Too Little Butter Spread Across Too Much Bread
Unlike many of my family members, I cannot recite every word from every conversation I hear or every movie I see. Indeed, I find both skills annoying because verifying the asserted memory is often pointless or inconvenient. But, one line I remember from the movie version of the Fellowship of the Ring was when the rapidly aging hobbit Bilbo Baggins confides in his young friend and heir, Frodo Baggins, that he feels like “too little butter spread across too much bread.”
That seems to be a cause of the demise of many wonderful organizations. They lose focus to ego driven goal setting, they lose effectiveness by squandering the good will accumulated by years of toil and hardship, and in the end they continue as increasingly fainter, shallower, and quieter organizations until finally they are gone.
This seemed to happen in the 2000 elections when the mighty PAC (“political action committee”), Campaign for Working Families, founded by Gary L. Bauer, was turned over to a caretaker director while Bauer ran for the presidency. His stated goal was to inject the abortion debate into the political thought of the time, but his PAC had already been very successful raising funds, and in elections, that was enough to raise the issue.

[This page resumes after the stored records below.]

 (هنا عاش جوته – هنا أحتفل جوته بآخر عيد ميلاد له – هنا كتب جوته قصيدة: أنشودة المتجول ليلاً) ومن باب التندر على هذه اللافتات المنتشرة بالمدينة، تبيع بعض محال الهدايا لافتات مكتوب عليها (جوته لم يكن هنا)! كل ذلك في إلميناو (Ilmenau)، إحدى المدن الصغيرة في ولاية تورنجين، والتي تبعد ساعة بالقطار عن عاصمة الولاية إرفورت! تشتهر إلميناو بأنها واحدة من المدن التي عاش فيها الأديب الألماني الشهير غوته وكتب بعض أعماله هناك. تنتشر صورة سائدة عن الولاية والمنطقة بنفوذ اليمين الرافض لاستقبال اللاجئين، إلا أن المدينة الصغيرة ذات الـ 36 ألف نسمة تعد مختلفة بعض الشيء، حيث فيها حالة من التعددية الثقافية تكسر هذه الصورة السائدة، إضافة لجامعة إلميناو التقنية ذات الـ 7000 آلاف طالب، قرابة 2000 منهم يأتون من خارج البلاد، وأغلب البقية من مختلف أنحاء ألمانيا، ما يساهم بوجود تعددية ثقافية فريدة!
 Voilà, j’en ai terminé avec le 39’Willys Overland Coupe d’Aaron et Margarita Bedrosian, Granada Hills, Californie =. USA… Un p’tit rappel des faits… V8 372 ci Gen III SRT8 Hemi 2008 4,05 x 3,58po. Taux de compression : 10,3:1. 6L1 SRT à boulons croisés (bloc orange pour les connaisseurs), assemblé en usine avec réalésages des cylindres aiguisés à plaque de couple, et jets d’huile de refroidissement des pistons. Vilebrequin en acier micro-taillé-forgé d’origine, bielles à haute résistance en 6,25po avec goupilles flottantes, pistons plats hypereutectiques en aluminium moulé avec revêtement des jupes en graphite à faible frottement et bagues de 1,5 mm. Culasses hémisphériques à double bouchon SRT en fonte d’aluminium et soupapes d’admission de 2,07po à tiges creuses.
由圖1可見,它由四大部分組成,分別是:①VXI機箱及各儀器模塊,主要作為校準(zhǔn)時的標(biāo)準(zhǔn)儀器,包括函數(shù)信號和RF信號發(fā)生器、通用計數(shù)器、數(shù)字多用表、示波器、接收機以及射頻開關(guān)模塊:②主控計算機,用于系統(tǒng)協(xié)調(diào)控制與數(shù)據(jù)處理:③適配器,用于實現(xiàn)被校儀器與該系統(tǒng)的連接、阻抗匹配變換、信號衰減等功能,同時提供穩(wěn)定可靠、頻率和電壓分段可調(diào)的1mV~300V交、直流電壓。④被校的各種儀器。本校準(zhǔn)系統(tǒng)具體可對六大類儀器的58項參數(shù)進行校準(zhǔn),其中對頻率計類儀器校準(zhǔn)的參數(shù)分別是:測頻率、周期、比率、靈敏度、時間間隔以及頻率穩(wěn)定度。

During his campaign for the presidency, he tried to use the contributors and mailing lists of the PAC in his campaign. I remember telling one of the many staffers that telephoned me to obtain a contribution that Bauer needed to stand in line for PAC money like every other candidate. But, clever as I thought that was, the staffer did not understand what I meant. It was a short conversation. I lost all interest even before Bauer had to install a glass door on his office to ward off accusations of fraternization with one of this campaign staffers, because the PAC was no longer focused on its mission, and Bauer’s chances in the election were never credible. I have never again supported Bauer’s work.
The same thing seems to be happening to Jay Sekulow’s American Center for Law and Justice. Originally founded as a para-church ministry to act as a “Christian public interest” law firm, the organization seems to have tired of its focus on legal issues and is spreading shallowly like spilled water in all directions. One day the ACLJ is writing briefs, but the next it is circulating petitions to support Israel’s struggle to survive (which needs to be done but by somebody else with that focus), or issuing “news of the day” analyses about what is being taught by university professors (with a thin or non-existent explanation of the data used to found the conclusions reached). ACLJ’s website is becoming a cacophony of issues, many of which are not before any court, or not before any court in any case in which ACLJ appears to have entered an appearance.
Is Sekulow primping for a run for national office? That would be a shame. Continuing Legal Education authors and speakers often mention him when they are name dropping about cases involving constitutional questions relating to the Establishment Clause. But, will he forfeit that distinction and reputation and attempt to become recognized as a news commentator or even a foreign policy advisor? Is Sekulow’s ego forcing him to joust at windmills instead of slaying the dragons that hound Christians in school districts, counties and cities? Like Bauer, will he fail, or at least be set back, because he became too little spread too far?
My fear is that just as Bauer probably felt that his contribution to the national debate was growing too slowly or reaching too few people, causing him to imagine he could by the force of his personality influence a national presidential election, Sekulow may have conceded to himself that he can only take so much ground in the Establishment Clause and similar cases. From that conclusion, has he begun to cast about for new issues and new sources of support to propel himself to another “plane of existence?”
The work of the ACLJ is too valuable to abandon. Just as the impoverished must have the Legal Services Corporation (“legal aid”), Christians desperately need a similar organization on watch and on call. Most local churches simply do not have the resources, much less the expertise or will, to fight these critical trench warfare battles without the ACLJ. Bauer did not get it. His PAC was, and still could be, vital in the battle to keep the abortion debate alive so that it might reach a just conclusion. Even if Roe v. Wade was abandoned as national policy tomorrow, there would still be decades of legislative work and litigation to be done, but Bauer seemed to abandon it all in favor of his personal run for the presidency. If Sekulow makes similar poor choices, the ensuing loss of ACLJ will likely be a culture war disaster of the first magnitude resulting in the further erosion of freedoms for Christians.